摘要
Traditionally scientists believed that, with a few key exceptions, RNAs played a secondary role in the cell. Recent discoveries have sharply revised this simple picture, revealing widespread and surprisingly sophisticated functional roles of RNAs.
Discovery of new functional RNA elements remains a very challenging task, both computationally and experimentally. It is computationally difficult largely because of the importance of an RNA molecule's 3-D structure, and the fact that molecules with very different nucleotide sequences can fold into the same shape.
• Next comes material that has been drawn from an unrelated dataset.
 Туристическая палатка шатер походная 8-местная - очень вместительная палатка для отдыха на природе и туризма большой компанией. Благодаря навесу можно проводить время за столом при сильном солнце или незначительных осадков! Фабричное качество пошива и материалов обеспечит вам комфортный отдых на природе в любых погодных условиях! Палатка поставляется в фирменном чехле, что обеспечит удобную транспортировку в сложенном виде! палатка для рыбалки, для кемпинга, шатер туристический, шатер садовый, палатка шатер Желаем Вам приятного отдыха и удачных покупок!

In this thesis, we describe a computational tool called CMfinder that addresses the RNA motif discovery problem. It is one of the most effective tools for constructing multiple local structural alignments. It can extract an RNA motif from unaligned sequences with long extraneous flanking regions, and in cases when the motif is only present in a subset of sequences. On the basis of the original CMfinder, we propose several speedup techniques, which make this tool scalable to large datasets.
Another important problem regarding ncRNA discovery is to evaluate the significance of a predicted RNA motif, which is critical to sift high quality ncRNA candidates from an enormous number of predictions produced in a genome scale scan. We have designed two ranking schemes to address this problem in different application settings. The first is a heuristic method that is generally applicable, and the second is a probabilistic method based on the evolution theory. While we have effectively rediscovered known ncRNAs and obtained promising candidates using the first method, we found that the second behaves more robustly and has better statistical properties. The second scheme, however, requires a phylogeny of input sequences, which can be difficult to be obtained in some applications.
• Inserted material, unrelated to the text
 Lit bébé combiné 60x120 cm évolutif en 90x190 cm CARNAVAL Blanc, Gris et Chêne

We have great success in applying CMfinder in genome scale discovery of noncoding RNAs. In particular, we applied a CMfinder centered computational pipeline to all bacteria, and found 22 novel putative RNA motifs. Six are high quality riboswitches candidates, and five have been confirmed as novel riboswitches in separate studies. We have also tested CMfinder in vertebrate ENCODE regions. This study produced thousands of candidates, most of which are not covered by any previous studies. Closer examination of these candidates suggests that CMfinder revised the alignment significantly compared to the multiple alignment based on the sequence only, and consequently, strongly argues for taking RNA structure directly into account in any searches for such structural elements. We have experimentally validated eleven top ranking candidates, and found transcription activities and tissue specificities for most of them. We are now in the process of applying CMfinder to search the whole human genome.
Our experiences have demonstrated that CMfinder can accelerate significantly the discovery of novel ncRNAs, with promises of many more discoveries to come.